Serum ANGPTL8 levels are affected by various factors, such as ethnicity and genetic and metabolic status. Lower plasma HDL-C and LDL-C levels are associated with a variant in ANGPTL8 (rs2278426, R59W) in African Americans and Hispanics, but this association is not apparent in European Americans [
11]. In a Chinese Han population, people with the ANGPTL8 rs2278426 (GA/AA) genotype have lower TC and LDL-C levels than those with the GG genotype. However, there were no differences in serum lipid levels identified between the specific genotypes of ANGPTL8 in a Chinese Mulao population [
35]. Fasting inhibits ANGPTL8 expression, and refeeding can highly induce its expression [
11]. Elevated ANGPTL8 levels are associated with cardiometabolic risk factors, such as TC, TG, and LDL-C, but this association is largely dependent on vitamin D status [
36].
Our study showed that circulating ANGPTL8 levels were positively correlated with age (Additional file
3: Table S2), which is consistent with the conclusions reached by Hu et al. [
37] and Abu-Farha et al. [
38]. Epidemiological evidence indicates that blood lipid levels increase with increasing age [
39], which could be the reason for the elevation in ANGPTL8 levels in our study. Our study also showed that there was no association between plasma ANGPTL8 levels and BMI (Additional file
3: Table S2), consistent with a study by Roth et al. [
40]. However, results regarding the association between plasma ANGPTL8 levels and BMI have been inconsistent.

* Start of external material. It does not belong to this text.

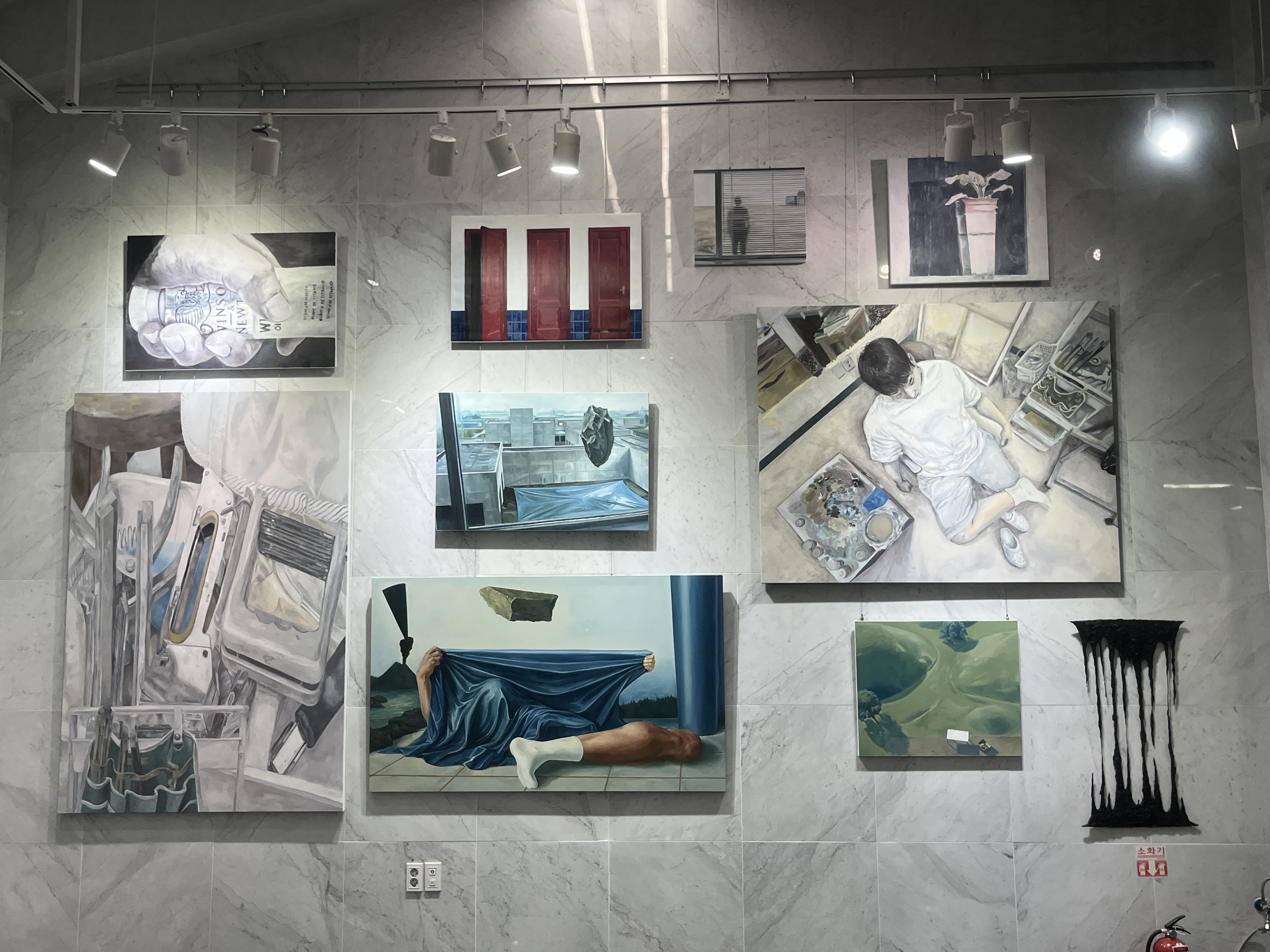 종이 위의 이미지, 캔버스에 구성된 화면, 공간을 점유하는 입체적 구조물은 하나의 기준으로 묶이지 않은 채, 배치와 동선, 관람자의 위치에 따라 서로 다른 관계를 형성한다.

Some studies have indicated that ANGPTL8 levels tend to be negatively correlated with BMI [
41] while others observed that plasma ANGPTL8 concentrations positively correlated with BMI [
41]. To avoid a confounding effect, we adjusted for age and BMI in this study. It is reported that circulating ANGPTL8 levels is increased in patients with polycystic ovary syndrome, partly because of the levels of sex hormone [
42]. In this study, we found that circulating ANGPTL8 levels is higher in men compared with women in the control group (492.73 ± 148.42 vs 361.38 ± 118.44 pg/ml, P = 0.002), while there were no differences in the levels of circulating ANGPTL8 between the two genders in patients with CAD (667.51 ± 238.24 vs 658.93 ± 273.90 pg/ml, P = 0.912). In order to avoid a confounding effect, we also adjusted for sex in this study. A previous study showed that serum ALT levels are positively associated with ANGPTL8 levels [
43], while serum ALT levels were higher in CAD compared with controls in our study (Table
1). Therefore, ALT was adjusted in this study. We also found that serum creatinine was positively associated with ANGPTL8 in this study (Additional file
3: Table S2). Renal function is independently associated with circulating ANGPTL8 and circulating ANGPTL8 levels are positively correlated with serum creatinine levels [
44]. However, the mechanism for the association between serum creatinine and ANGPTL8 levels is unknown. We adjusted for serum creatinine levels in this study.
Care was taken to avoid bias in this study. An enzyme-linked immunosorbent assay was performed according to the manufacturer’s instructions by a trained experimenter who was unaware of patients’ clinical data. Moreover, in statistical analysis, adjustments were made for the confounding effects of risk factors for CAD and circulating ANGPTL8 levels. Finally, propensity score matching was used to reduce the effects of outcome-selection bias.
This study has some limitations. First, it was a case–control study, which meant that it could only show associations, not causality. Second, all of the patients with CAD and some controls were taking drugs (Additional file
2: Table S1). The effects of medication on ANGPTL8 levels were not observed in this study. Third, because all of the study participants were Chinese, the findings may not be generalizable to other ethnicities. Our findings should be confirmed in other populations.